The Taliban were not considered politically legitimate in most of the Muslim world. Only 3 countries had recognized them, Saudi Arabia, UAE, and Pakistan. Within an extremely short time, the US declared Osama Bin Laden as the prime suspect behind the September 11, 2001 terrorist attacks. He had been exiled from Saudi Arabia since 1996, and was in Afghanistan since. The US asked the Taliban government to hand him over to US authorities for questioning in his involvement and to charge him. While condemning the terrorist attacks, the Taliban refused, saying that since he was a "guest" they would not hand him over without proof of his involvement, with which he would be tried under the Taliban's laws. The US threatened military action unless the Taliban complied. Neighboring Pakistan rushed delegates over to help persuade the Taliban not to oppose the US, but they didn't relent.
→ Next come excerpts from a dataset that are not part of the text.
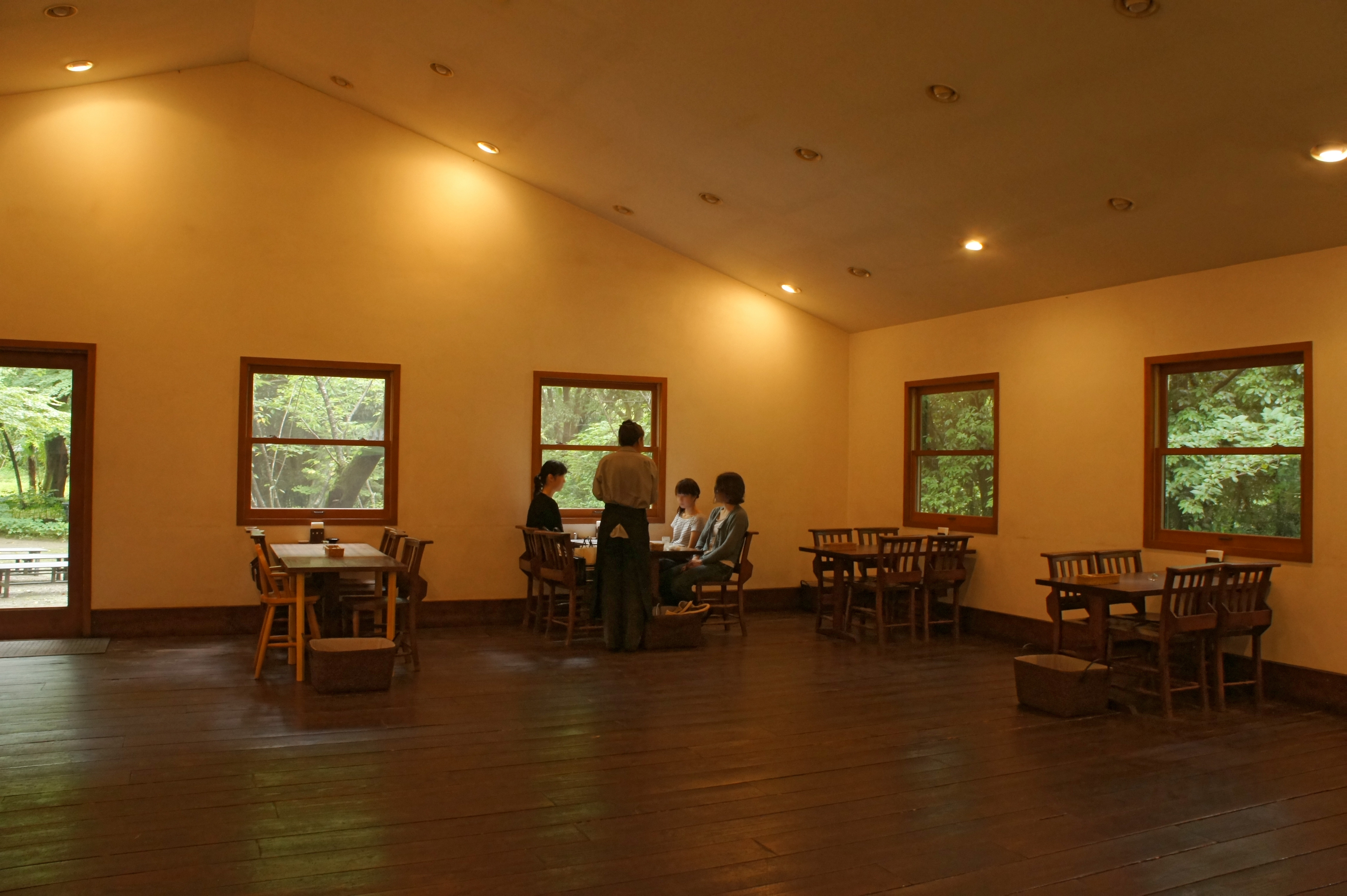 Restaurant Kitchen Snug in Takatsuki, Osaka prefecture, Japan.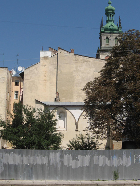 Golden Rose Synagogue in Lviv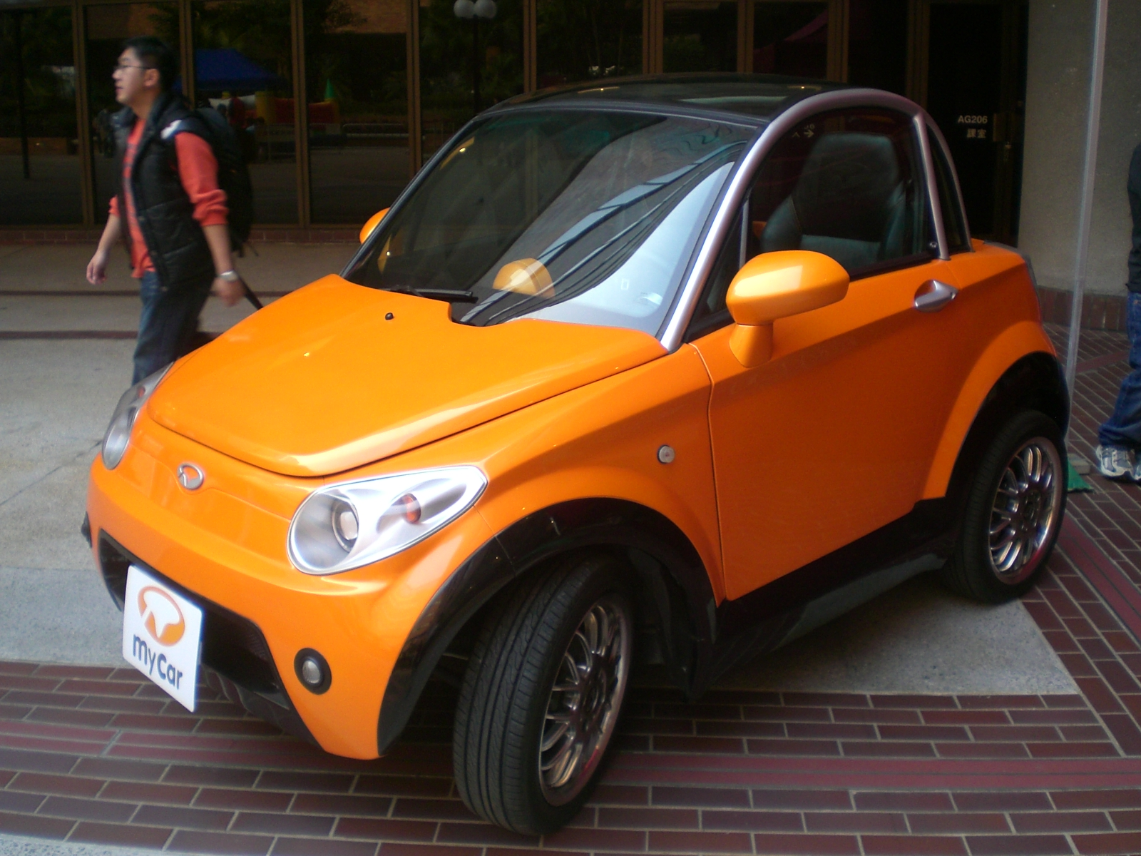 MyCar

A few days later, the United Arab Emirates withdrew support for the Taliban, giving them only two countries that recognized their government. Saudi Arabia withdrew their recognition later as well.

Subsequently, the US launched Operation Infinite Justice (which was later changed to Operation Enduring Freedom because it was offensive to Muslims). The stated goals were to capture or kill Osama Bin Laden and dismantle the Taleban. The US tried to carry out their second goal by backing the rebel Northern Alliance. Before November 2001, the Taleban withdrew from the major cities in Afghanistan and the US detained hundreds of Taleban fighters, sending hundreds to Camp X-Ray. It was declared that the Northern Alliance would eventually take over control of Afghanistan (with US military and support). As of today free elections have not happened yet.

Once the situation stopped making headlines, the US began making preparations to invade Iraq, withdrawing thousands of its troops from Afghanistan and moving them to Iraq. That was a disadvantage because the troops looking for Osama Bin Laden and Taleban forces were scaled back. Most experts speculate that Taleban forces are in hiding on the border between Afghanistan and Pakistan. There are also rumors that the Taliban is amassing in the rural areas, building up strength and support to retake the cities.